De acordo com o presidente do Sindasse, Sidney Guarany, boa parte destes internos responde a atos infracionais equivalentes a crimes como latrocínio (roubo seguido de morte) e homicídio, entre outros. Esta foi a primeira tentativa de fuga registrada desde outubro do ano passado, quando o Cenam e a Unidade Socioeducativa de Internação Provisória (Usip) foram abaladas por uma sequência de fugas e rebeliões dos internos, além de uma greve dos agentes socioeducativos que durara 100 dias.
Nesta semana, uma nova crise foi criada nas unidades socioeducativas, depois que a juíza da 17ª Vara Cível de Aracaju, Aline Cândido Costa, ordenou o afastamento provisório da presidente da Fundação Renascer, Marta Leão Vasconcelos, e dos atuais diretores do Cenam, Jeane Maria Tavares, e da Usip, Marcos Vinicius Alves de Mendonça. Marta assumiu o cargo justamente na crise de outubro, quando o governador Jackson Barreto decidiu substituir toda a cúpula do órgão. Por meio da assessoria, a Renascer afirma que ainda não foi notificada da decisão até a tarde de ontem, apesar de o despacho ter sido expedido na última segunda-feira.
Segundo a ação movida recentemente pelo Ministério Público, a troca no comando não resultou em solução para os problemas de maus-tratos, falta de estrutura e não aplicação das medidas socioeducativas previstas em lei. Outro argumento que pesou foi a morte suspeita de um adolescente internado na Usip, que teria falecido dentro da unidade.
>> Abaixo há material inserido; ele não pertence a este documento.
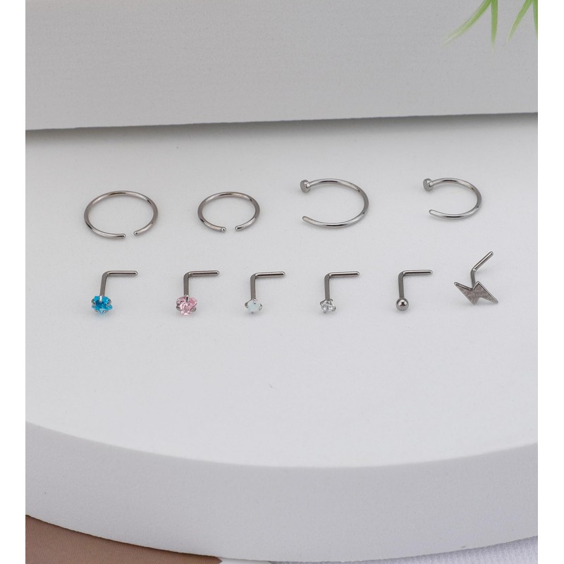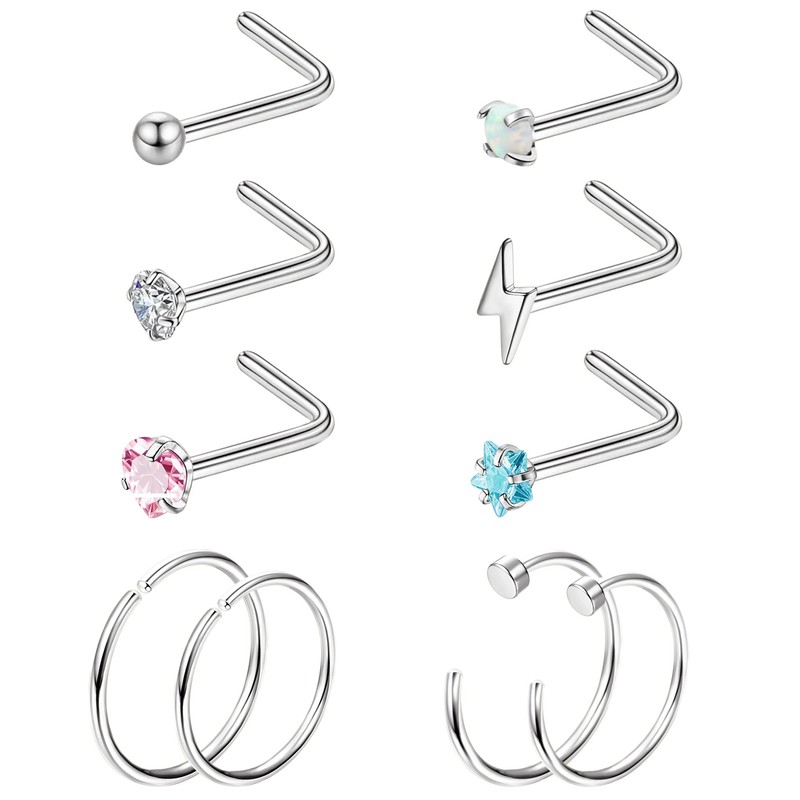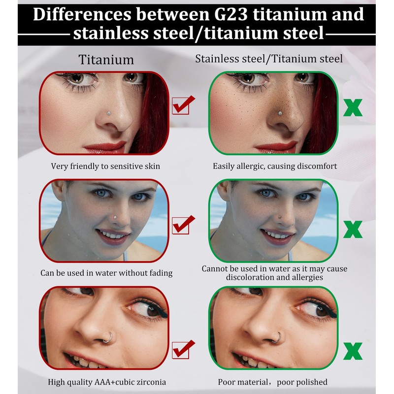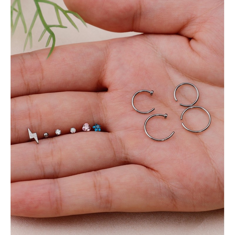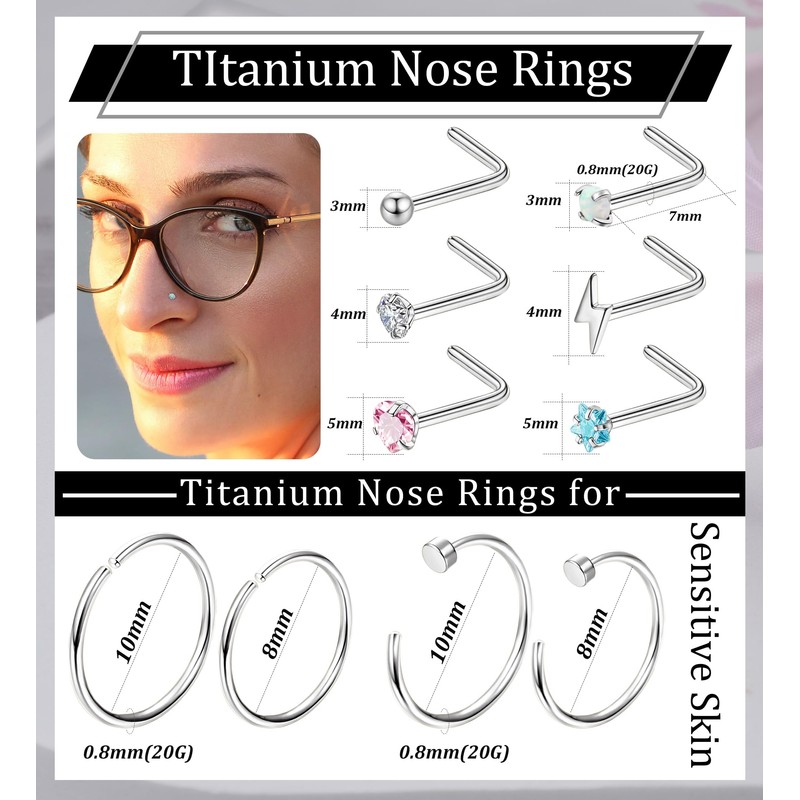 - ใ๐๐ข๐ญ๐๐ง๐ข๐ฎ๐ฆ ๐ ๐๐ก๐๐ฉ๐๐ ๐๐จ๐ฌ๐ ๐๐ญ๐ฎ๐ใ--You will get 6PCS of titanium nose studs and 2 pairs of titanium nose hoops. Including cz /star/lightning/hear/cz l nose studs. Wear these titanium nose rings and hoops alone or with your other jewelry will either be great.

Segundo a juíza Aline Cândido, "consta na certidão de óbito que o mesmo faleceu em razão de traumatismo craniano, quando foi informado que teria passado mal enquanto jogava bola". A magistrada determinou que o caso seja investigado em um inquérito policial aberto pelo Departamento de Atendimento a Grupos Vulneráveis (DAGV).